Launching spark application onto a cluster(yarn/mesos) typically requires the following common tasks

  1. Build the jar.
  2. Bundle dependencies.
  3. Set required System/Environment variables like SPARK_HOME , HADOOP_HOME.
  4. Compose spark-submit command (with all its options) and hope for the best.

Prerequisites

If you are reading this I would assume you are already a spark developer who could write spark via scala/java and also with very basic knowledge of gradle. So I will be going straight into the details of system/software requirements to use this tool.

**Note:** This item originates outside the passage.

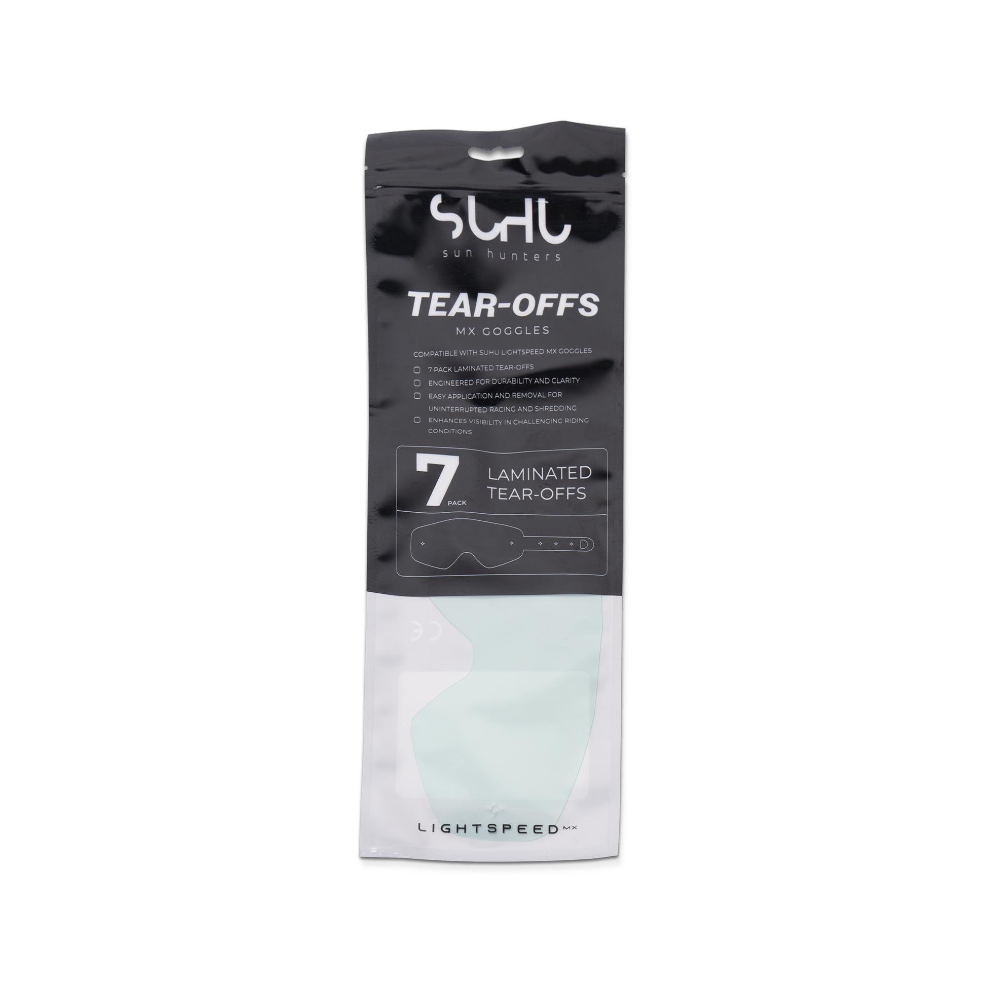 High-performance Tear-Offs to fit SUHU Lightspeed MX / Snow Goggles. Designed with precision and durability in mind to withstand the rigours of motocross racing and the challenges of skiing / snowboarding, ensuring you maintain clarity even in the most demanding conditions.

  1. Gradle (5.6.1 version and above) , Installation is simple , download the zip and add the entry to PATH env variable (https://gradle.org/install/ for more details). Gradle plugin for eclipse (https://projects.eclipse.org/projects/tools.buildship/downloads) , this would be very useful for creating gradle projects in eclipse and for running the “spark-gradle-plugin” as well.
  2. winutils.exe(Only for windows developers) — Windows binaries for Hadoop , https://github.com/steveloughran/winutils/blob/master/hadoop-2.7.1/bin/winutils.exe which is for hadoop 2.7.1 , modify the url and substitute the corresponding version in hadoop-{version} in the url. This is required for enabling windows machine to interact with hadoop cluster.
  3. Spark-with-hadoop support , https://archive.apache.org/dist/spark/ , (preferred https://archive.apache.org/dist/spark/spark-2.4.0/spark-2.4.0-bin-hadoop2.7.tgz)
  4. M2_HOME — Point it to location containing maven settings.xml file and make sure there is a localRepository configured to download and cache dependencies into local repository for faster performance.

Solution overview

The utility is built on top of Gradle build framework (https://docs.gradle.org/current/userguide/what_is_gradle.html), an absolute winner compared to Maven , its programmers’s build system. “spark-gradle-plugin” is a custom Gradle plugin which has the following tasks and in the following order.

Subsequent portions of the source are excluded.